A glimpse of the future sewers

Last August, Alan Barclay visited us during his tour of several nordic regions, and we found time to play some things, including Electric Bastionland. This was played before Kristoffer proceeded to get the full version of the game and play it with others, as we discussed in the conversation posted as Sewer madness.

Despite the common element of the Below (i.e., sewers), this was a totally different game, a single session GMed by me, using only the free preview version at the publisher’s website. The players (in the order of the characters in the file below) included Daniel, Helma, Alan, Johan, and Kristoffer.

The map is made from sewer geomorphs drawn by Dyson Logos, from my well-stocked folder with his name on it. If you’d like to follow along in play, they began in the room just about in the center of the square in the rightmost column, center row. The circle is the grate in the ceiling. The pile of time-ish disks that they were seeking is located at the star in the square above that one.

As it happened, there was a logistic hassle at Spelens Hus that week, so we played at Daniel’s apartment. I don’t include personal dwellings in my recordings so we stayed with audio only.

In the final audio file, I mentioned that I wanted to write about things that were provided / things that I provided, for this game. It’s the same topic which Kristoffer developed in our conversation, but here, I was working with a much less detailed text and I think the process is made clearer, or seemed very stark to me at the time.

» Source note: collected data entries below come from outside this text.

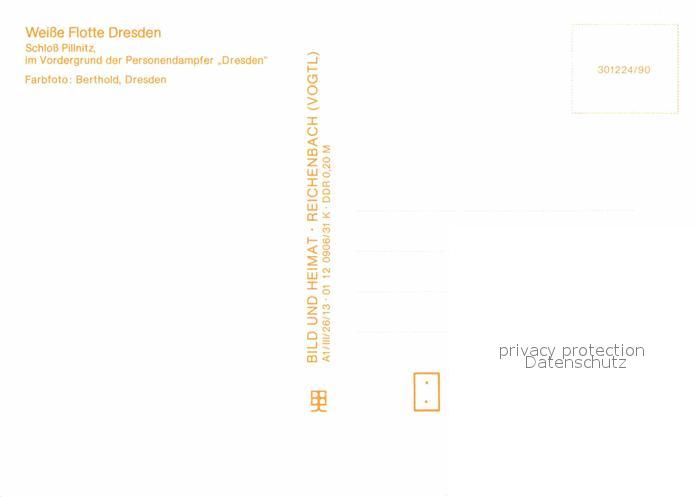 Dampfer Seitenrad Weisse Flotte Dreden Schloss Pillnitz postalisch nicht gelaufen Erhaltung siehe scans [PaolaD17]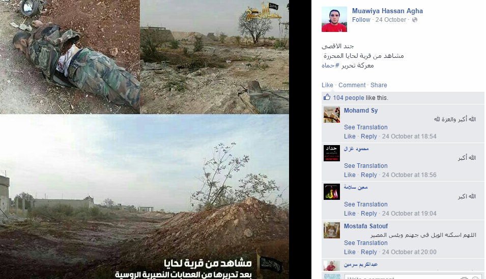Screenshot (448) Published October 26, 2015 at 955 × 550 in Part II – Syria’s White Helmets: War By Way of Deception ~ ‘Moderate Executioners’ ← Previous Next → Muawiya Hassan Agha Facebook page 24/10/2015 celebrating death of a Syrian Army soldier.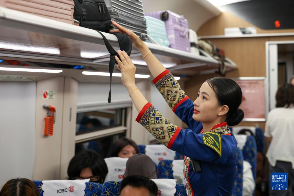 4月15日,列车长国茉莉在D87次中老铁路国际旅客列车上工作。新华社记者 陈益宸 摄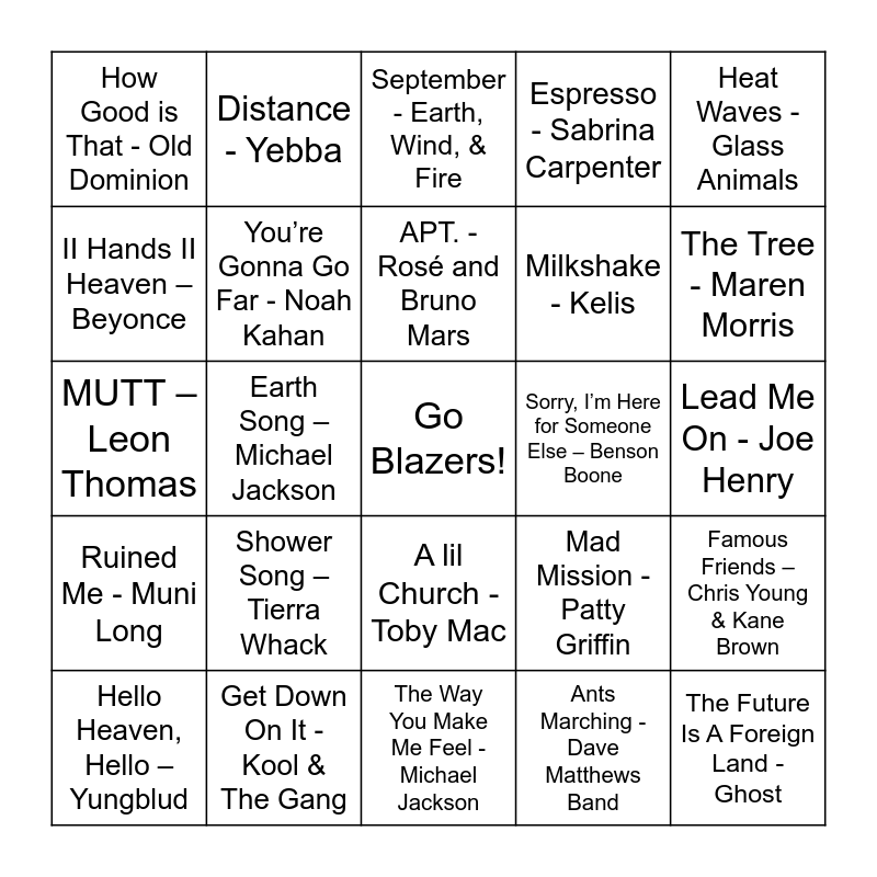 This bingo card has a free space and 26 words: A lil Church - Toby Mac, Ants Marching - Dave Matthews Band, APT. - Rosé and Bruno Mars, Get Down On It - Kool & The Gang, Heat Waves - Glass Animals, How Good is That - Old Dominion, II Hands II Heaven – Beyonce, Distance - Yebba, Lead Me On - Joe Henry, Mad Mission - Patty Griffin, Milkshake - Kelis, MUTT – Leon Thomas, Famous Friends – Chris Young & Kane Brown, Hello Heaven, Hello – Yungblud, Earth Song – Michael Jackson, Alabama Haint – Penny & Sparrow, Espresso - Sabrina Carpenter, Ruined Me - Muni Long, September - Earth, Wind, & Fire, The Future Is A Foreign Land - Ghost, The Tree - Maren Morris, The Way You Make Me Feel - Michael Jackson, Sorry, I’m Here for Someone Else – Benson Boone, Shower Song – Tierra Whack, You’re Gonna Go Far - Noah Kahan and You’ve Got The Right Stuff - New Kids on the Block.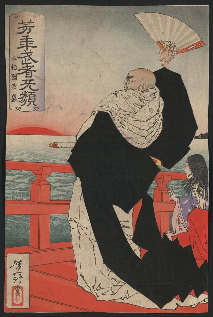 Tsukioka Yoshitoshi, född 1839, är en av de sista stora mästarna av ukiyo-e-konst, en traditionell japansk konstform. Påverkad av de omvälvningar som präglade hans tid, särskilt övergången till modernitet, lyckades Yoshitoshi integrera samtida element samtidigt som han respekterade traditionerna. Hans karriär, präglad av ikoniska verk, vittnar om ett djupt engagemang för berättande konst och skildringen av historiska figurer. Heishkoku Kiyomori ingår i en serie verk som utforskar teman som mod och tragedi, vilket gör Yoshitoshi till en oumbärlig figur i japansk konsthistoria.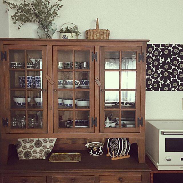 こちらの実例では、アラビアのヴィンテージ食器がロールストランドやマリメッコの食器などとともに、食器棚に並んでいます。ガラス扉の食器棚を使うことで、埃などから器を守りつつ、その柄を楽しむことができるのがいいですね。趣きのある食器棚に、落ち着いたブルーやブラウンの柄が入った食器たちが似合っています。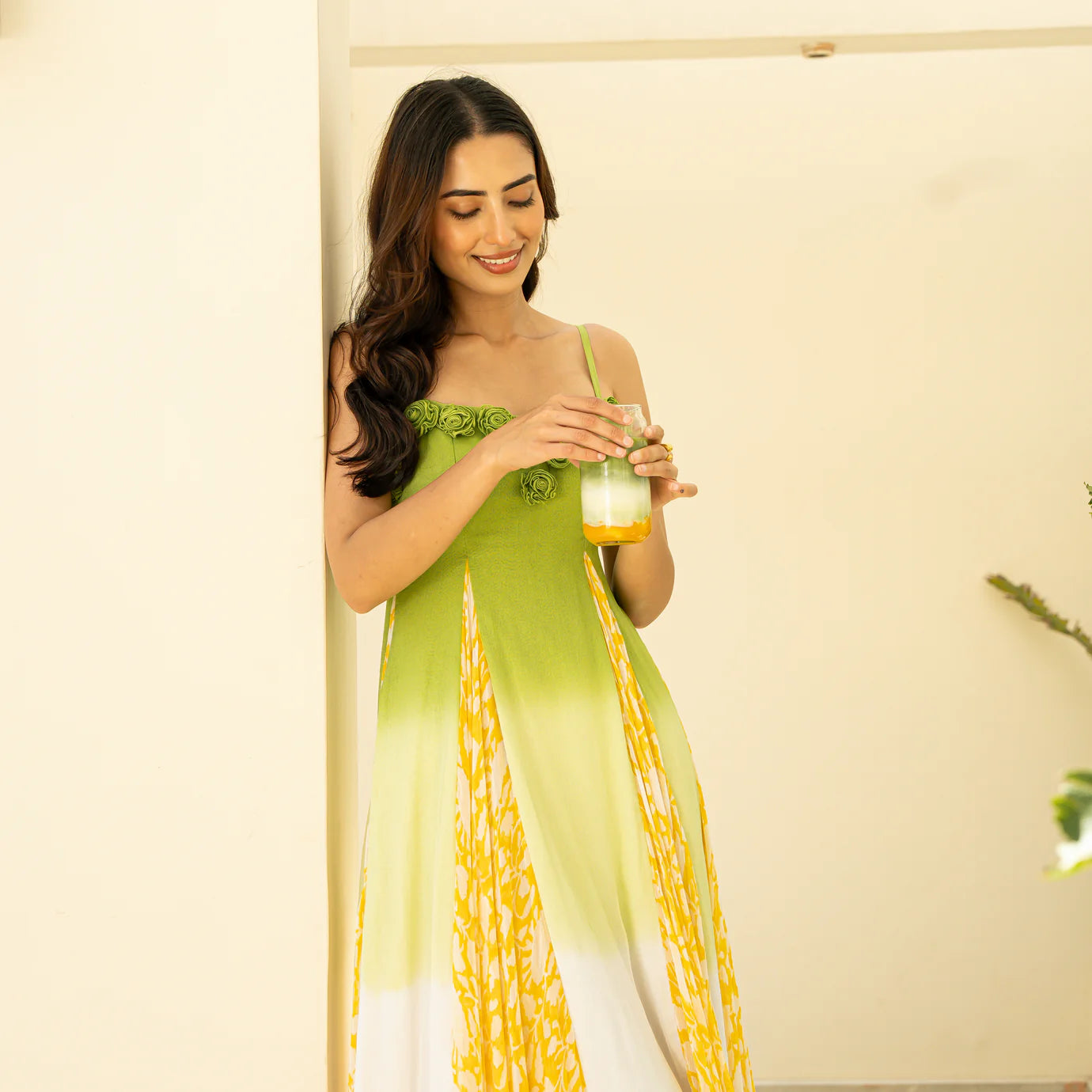 Step into breezy sophistication with the Ceremonial Bloom Godet Dress, crafted from lightweight chiffon in sunny yellow with subtle white and green shaded panels. The delicate rose embroidery along the sweetheart neckline adds a feminine, romantic touch, while the strappy design and godet silhouette create graceful movement and flattering proportions. Perfect for daytime events, garden parties, or any occasion where effortless elegance meets contemporary charm, this dress exudes timeless style and playful sophistication.

Briefly: that nothing the texxt provided was finished, and simultaneously, nothing I provided was entirely external. Whatever I read, I could develop, and whatever I felt like adding, seemed to prompt specific textual material or related concepts. Now, I suggest that this interplay is very common and always available in playing games with inspiring texts, but I also suggest it’s an underdeveloped skill, worth pursuing.